→ PROBLEM
In the records below, find the line with "四季国潮风小众厚底ins网面老爹港风直播风工装户外运动鞋男" and repeat exactly every line from it through the line with "Mamá Pato y". Pictures stay out.

→ INPUT DATA
┄┄┄┄┄┄┄┄┄┄┄┄┄┄┄┄┄┄┄┄

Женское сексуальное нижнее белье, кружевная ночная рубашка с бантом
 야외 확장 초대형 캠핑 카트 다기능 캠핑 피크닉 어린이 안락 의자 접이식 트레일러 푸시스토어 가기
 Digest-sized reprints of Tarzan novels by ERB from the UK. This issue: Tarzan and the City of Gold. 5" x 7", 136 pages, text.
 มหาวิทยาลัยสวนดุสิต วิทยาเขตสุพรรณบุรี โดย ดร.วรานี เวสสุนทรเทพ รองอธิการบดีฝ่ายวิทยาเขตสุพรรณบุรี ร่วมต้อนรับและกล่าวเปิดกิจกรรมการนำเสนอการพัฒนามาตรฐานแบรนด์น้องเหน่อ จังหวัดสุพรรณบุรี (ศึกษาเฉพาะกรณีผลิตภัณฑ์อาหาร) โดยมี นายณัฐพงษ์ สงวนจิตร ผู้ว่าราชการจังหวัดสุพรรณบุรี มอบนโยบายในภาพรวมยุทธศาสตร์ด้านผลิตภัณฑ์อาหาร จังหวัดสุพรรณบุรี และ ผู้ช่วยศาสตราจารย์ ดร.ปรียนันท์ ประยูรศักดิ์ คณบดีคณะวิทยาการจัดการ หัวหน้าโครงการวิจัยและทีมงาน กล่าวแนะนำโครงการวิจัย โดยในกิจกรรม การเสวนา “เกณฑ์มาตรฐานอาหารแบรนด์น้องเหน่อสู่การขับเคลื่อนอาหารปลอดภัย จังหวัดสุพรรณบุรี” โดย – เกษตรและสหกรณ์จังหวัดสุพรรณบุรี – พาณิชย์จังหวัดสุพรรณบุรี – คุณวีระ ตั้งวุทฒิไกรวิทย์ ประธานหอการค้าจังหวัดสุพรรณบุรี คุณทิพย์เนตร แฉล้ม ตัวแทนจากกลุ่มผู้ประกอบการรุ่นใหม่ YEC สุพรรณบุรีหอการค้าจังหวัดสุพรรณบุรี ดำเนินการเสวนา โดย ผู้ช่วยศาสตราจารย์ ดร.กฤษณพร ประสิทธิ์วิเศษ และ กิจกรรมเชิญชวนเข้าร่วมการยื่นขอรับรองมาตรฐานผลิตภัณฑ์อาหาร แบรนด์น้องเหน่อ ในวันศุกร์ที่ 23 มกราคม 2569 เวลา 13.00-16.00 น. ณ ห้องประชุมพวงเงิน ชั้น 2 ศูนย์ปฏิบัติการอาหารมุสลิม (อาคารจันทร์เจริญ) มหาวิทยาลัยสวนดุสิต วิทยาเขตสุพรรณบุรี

┄┄┄┄┄┄┄┄┄┄┄┄┄┄┄┄┄┄┄┄

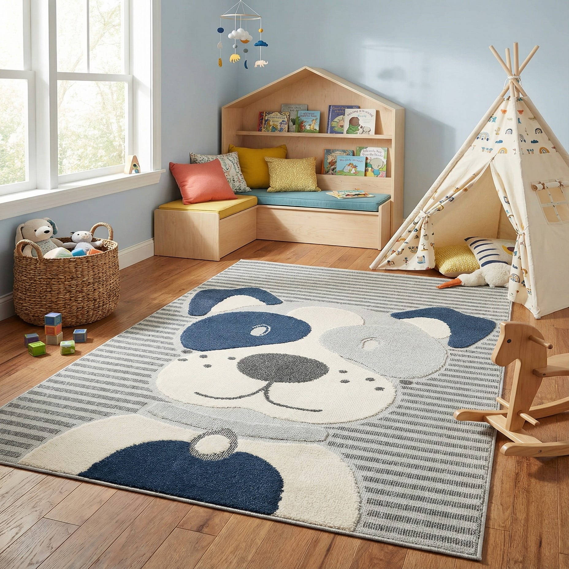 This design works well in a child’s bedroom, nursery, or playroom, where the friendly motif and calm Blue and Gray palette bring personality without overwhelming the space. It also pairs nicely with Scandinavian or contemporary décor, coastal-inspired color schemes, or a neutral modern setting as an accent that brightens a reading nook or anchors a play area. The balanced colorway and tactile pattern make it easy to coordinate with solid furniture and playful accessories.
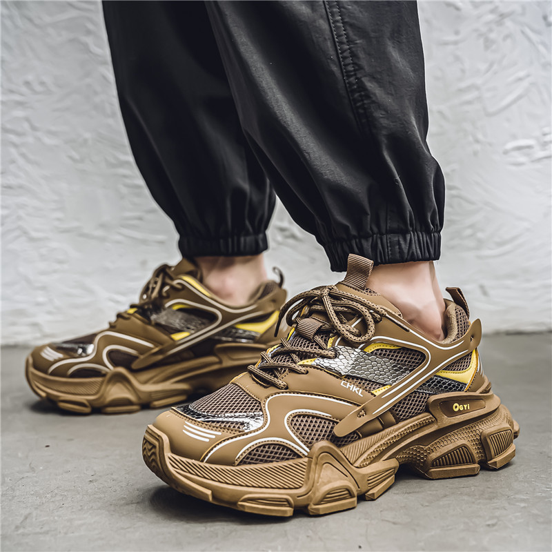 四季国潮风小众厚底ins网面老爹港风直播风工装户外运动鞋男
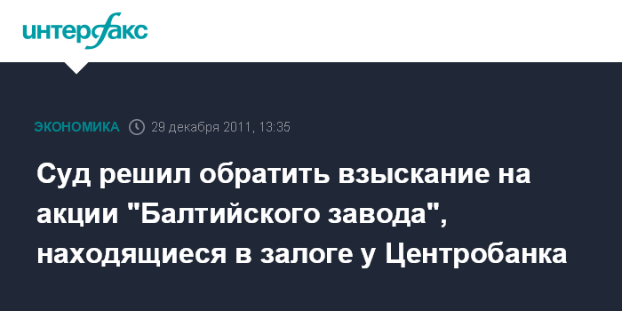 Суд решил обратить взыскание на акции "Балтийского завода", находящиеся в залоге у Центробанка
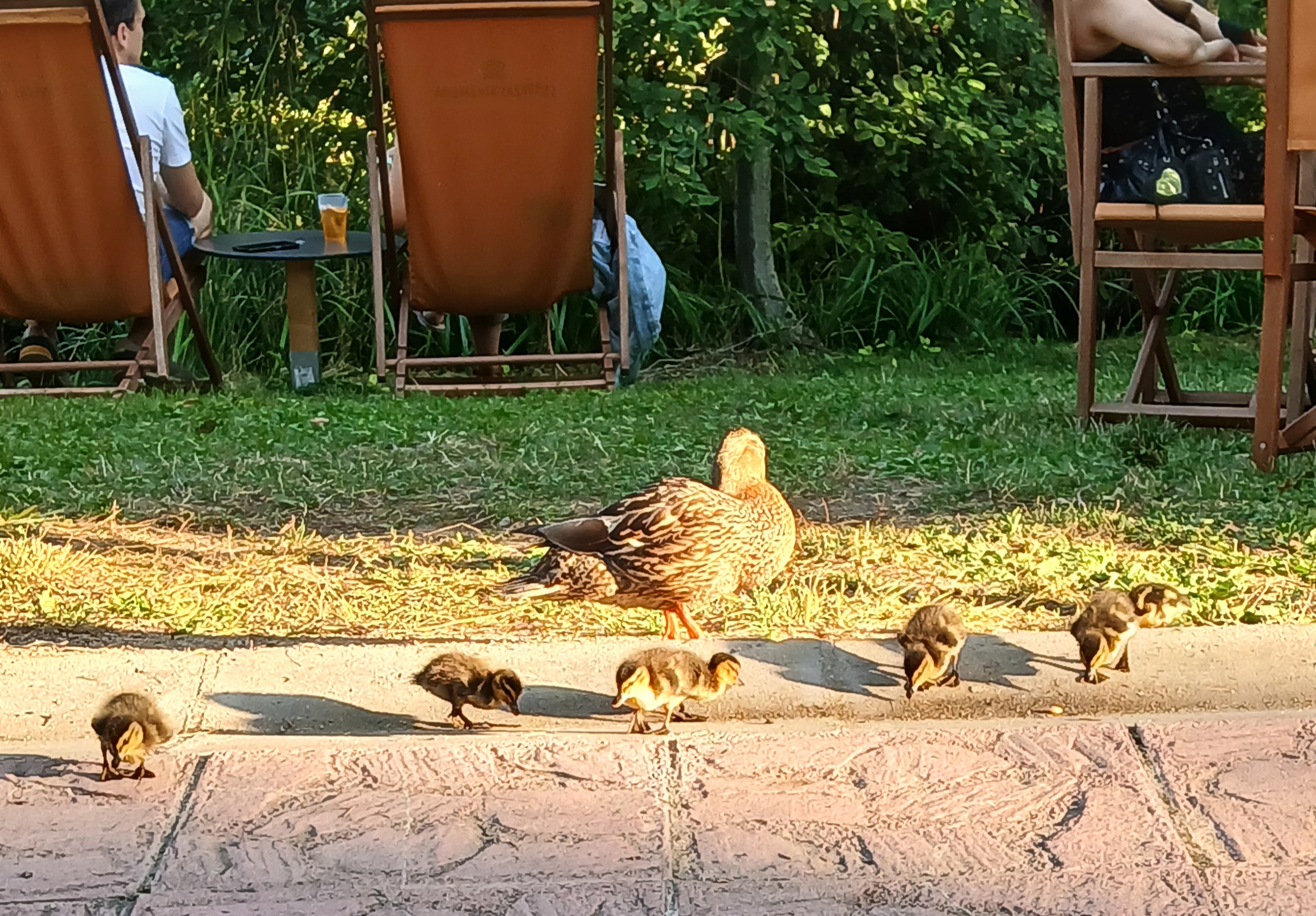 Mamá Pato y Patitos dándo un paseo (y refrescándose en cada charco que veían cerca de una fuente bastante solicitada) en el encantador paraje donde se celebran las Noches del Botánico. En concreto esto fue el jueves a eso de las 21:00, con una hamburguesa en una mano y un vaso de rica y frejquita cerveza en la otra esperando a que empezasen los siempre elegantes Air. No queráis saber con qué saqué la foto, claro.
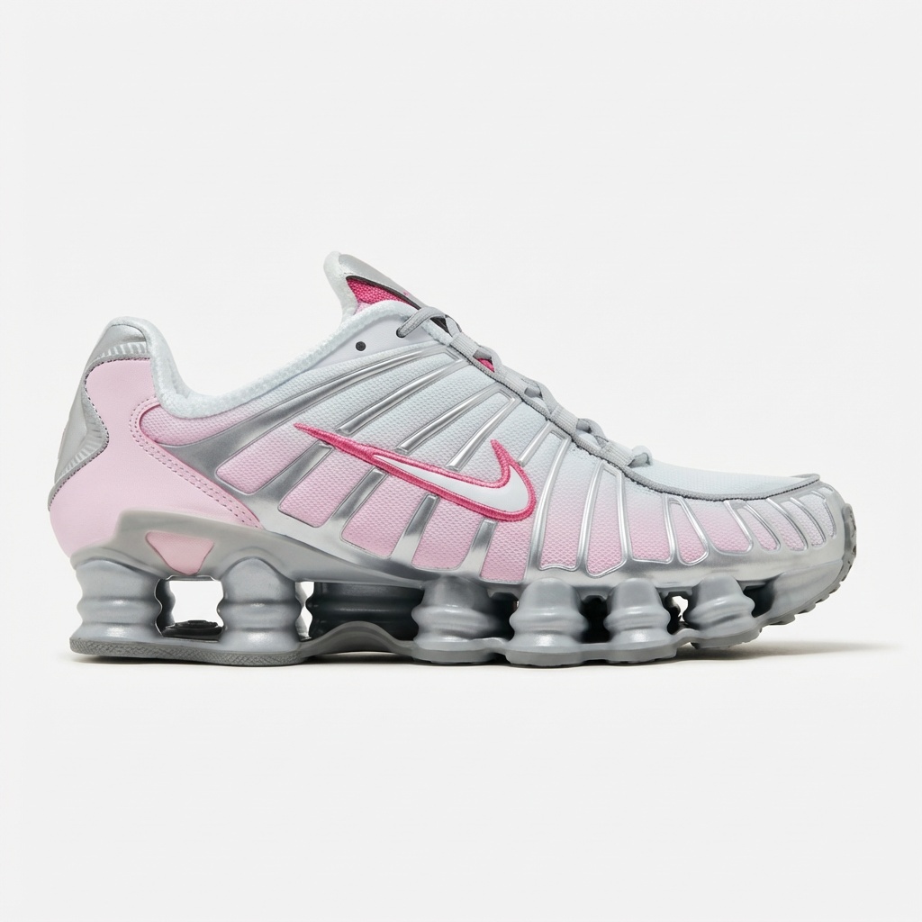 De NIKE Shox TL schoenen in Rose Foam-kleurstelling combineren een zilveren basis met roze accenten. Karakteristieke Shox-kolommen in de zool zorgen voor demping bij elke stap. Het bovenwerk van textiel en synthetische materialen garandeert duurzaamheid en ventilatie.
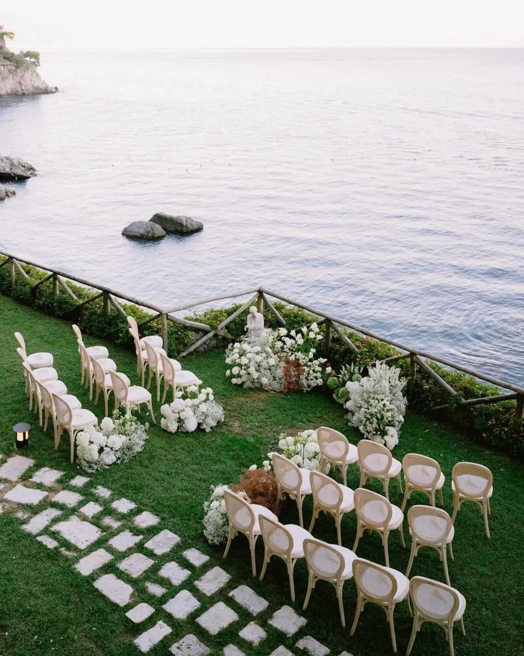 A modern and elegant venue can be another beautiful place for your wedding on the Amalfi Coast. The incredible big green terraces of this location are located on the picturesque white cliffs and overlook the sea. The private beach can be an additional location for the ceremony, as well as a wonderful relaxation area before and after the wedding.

┄┄┄┄┄┄┄┄┄┄┄┄┄┄┄┄┄┄┄┄

→ WRITTEN ANSWER
 四季国潮风小众厚底ins网面老爹港风直播风工装户外运动鞋男
 Суд решил обратить взыскание на акции "Балтийского завода", находящиеся в залоге у Центробанка
 Mamá Pato y Patitos dándo un paseo (y refrescándose en cada charco que veían cerca de una fuente bastante solicitada) en el encantador paraje donde se celebran las Noches del Botánico. En concreto esto fue el jueves a eso de las 21:00, con una hamburguesa en una mano y un vaso de rica y frejquita cerveza en la otra esperando a que empezasen los siempre elegantes Air. No queráis saber con qué saqué la foto, claro.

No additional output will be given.